Why is Lyme a difficult disease to identify and treat?
Lyme is one of those puzzling chronic diseases: while people that are treated by antibiotics shortly after they’re bitten by the tic get cured, about 10 to 20 percent don’t. So, the question is, Why not?
There two schools of thought about that. The more standard among physicians is that the lingering effects—which could last years without resolution—are effects of the immune system having a perpetual response long after the pathogen is gone. These are aches, pain, fatigue—people are really miserable.
The second school of thought is that the pathogen is still there in a dormant form. And that’s where we come in. We are experts in dormant bacteria that are tolerant to antibiotics. We call them persister cells.
What do you hope to accomplish with the new grant?
I think we can contribute two important things apart from asking whether Lyme, like other pathogens, forms persister cells and whether that would explain its chronicity.

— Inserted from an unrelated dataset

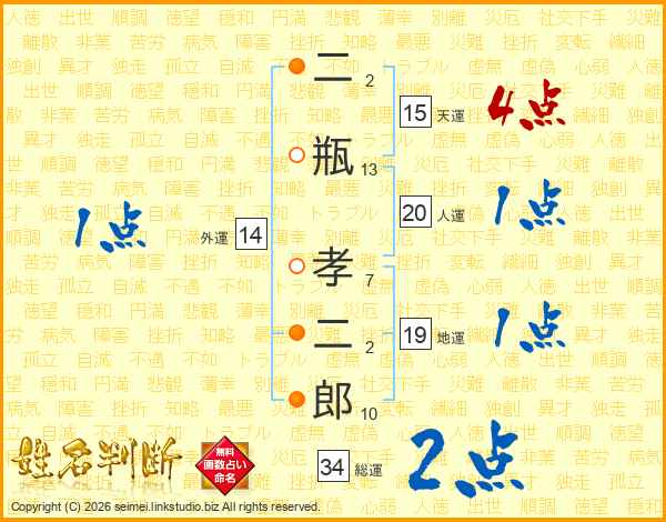 二(2画)瓶(13画) 孝(7画)二(2画)郎(10画)
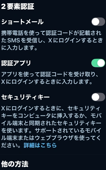 もう一個、「セキュリティキー」という方法もあるのですが、こちらは2台のスマートフォンがないと出来ないっぽいので、ちょっと敷居が高いです。

First, the treatment regimens for people with chronic Lyme are inadequate because nobody has done the proper clinical microbiology work. We need to find the best possible antibiotic or antibiotic combination for killing the pathogen. It has not yet been done because it’s difficult, it’s time-consuming, and it’s fastidious. On top of that, most clinicians don’t believe that chronic Lyme is caused by the pathogen in the first place, so why bother? But we have extensive experience with existing antibiotics, and we know which ones, in principle, will diminish the persister cell population from our work with other pathogens. So, right away we can give some recommendations to those physicians who will prescribe antibiotics for chronic Lyme. Within half a year, we should have a better regimen.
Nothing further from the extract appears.